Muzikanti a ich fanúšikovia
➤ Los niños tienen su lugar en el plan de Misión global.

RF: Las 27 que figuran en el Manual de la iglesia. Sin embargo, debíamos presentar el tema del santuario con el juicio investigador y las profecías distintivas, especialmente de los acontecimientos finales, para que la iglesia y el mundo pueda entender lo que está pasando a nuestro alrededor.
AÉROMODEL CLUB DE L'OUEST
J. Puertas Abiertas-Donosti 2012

========

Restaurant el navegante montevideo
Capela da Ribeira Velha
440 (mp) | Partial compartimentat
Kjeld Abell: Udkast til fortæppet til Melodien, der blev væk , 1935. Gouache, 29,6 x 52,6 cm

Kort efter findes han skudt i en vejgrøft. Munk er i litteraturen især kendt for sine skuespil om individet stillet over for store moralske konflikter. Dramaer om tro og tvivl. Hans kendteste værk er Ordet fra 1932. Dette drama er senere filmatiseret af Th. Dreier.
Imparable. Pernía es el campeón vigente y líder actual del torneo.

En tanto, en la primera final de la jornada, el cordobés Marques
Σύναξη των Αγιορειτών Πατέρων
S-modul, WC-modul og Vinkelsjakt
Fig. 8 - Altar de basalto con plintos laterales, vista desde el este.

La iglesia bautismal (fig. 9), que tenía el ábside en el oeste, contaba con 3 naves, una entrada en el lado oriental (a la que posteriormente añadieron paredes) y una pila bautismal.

========

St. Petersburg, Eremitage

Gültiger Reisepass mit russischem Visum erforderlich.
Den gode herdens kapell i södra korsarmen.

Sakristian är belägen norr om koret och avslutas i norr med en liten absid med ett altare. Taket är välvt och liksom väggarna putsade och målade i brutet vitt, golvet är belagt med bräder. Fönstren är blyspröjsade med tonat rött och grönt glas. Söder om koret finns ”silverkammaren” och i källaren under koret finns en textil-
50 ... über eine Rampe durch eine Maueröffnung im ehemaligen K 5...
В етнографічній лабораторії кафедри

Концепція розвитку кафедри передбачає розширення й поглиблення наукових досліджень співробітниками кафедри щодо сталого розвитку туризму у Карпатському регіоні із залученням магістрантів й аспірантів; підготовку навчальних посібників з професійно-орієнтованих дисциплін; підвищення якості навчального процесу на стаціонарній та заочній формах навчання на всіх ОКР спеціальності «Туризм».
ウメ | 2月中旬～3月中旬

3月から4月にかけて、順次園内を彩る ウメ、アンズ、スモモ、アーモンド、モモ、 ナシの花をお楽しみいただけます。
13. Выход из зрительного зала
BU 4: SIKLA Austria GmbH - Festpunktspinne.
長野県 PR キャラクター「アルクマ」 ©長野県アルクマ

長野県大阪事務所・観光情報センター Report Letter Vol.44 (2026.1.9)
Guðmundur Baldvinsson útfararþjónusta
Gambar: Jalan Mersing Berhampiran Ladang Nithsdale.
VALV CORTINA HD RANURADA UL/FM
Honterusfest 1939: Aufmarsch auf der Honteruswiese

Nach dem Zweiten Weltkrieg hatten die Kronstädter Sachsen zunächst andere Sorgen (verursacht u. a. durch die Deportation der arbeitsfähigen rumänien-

========

## YOUR TASK
Look above for the line that contains "de Misión global.". Starting there, transcribe every line exactly until you have copied the line that contains "J. Puertas Abiertas-Donosti 2012".

## RESPONSE BOX
➤ Los niños tienen su lugar en el plan de Misión global.

RF: Las 27 que figuran en el Manual de la iglesia. Sin embargo, debíamos presentar el tema del santuario con el juicio investigador y las profecías distintivas, especialmente de los acontecimientos finales, para que la iglesia y el mundo pueda entender lo que está pasando a nuestro alrededor.
AÉROMODEL CLUB DE L'OUEST
J. Puertas Abiertas-Donosti 2012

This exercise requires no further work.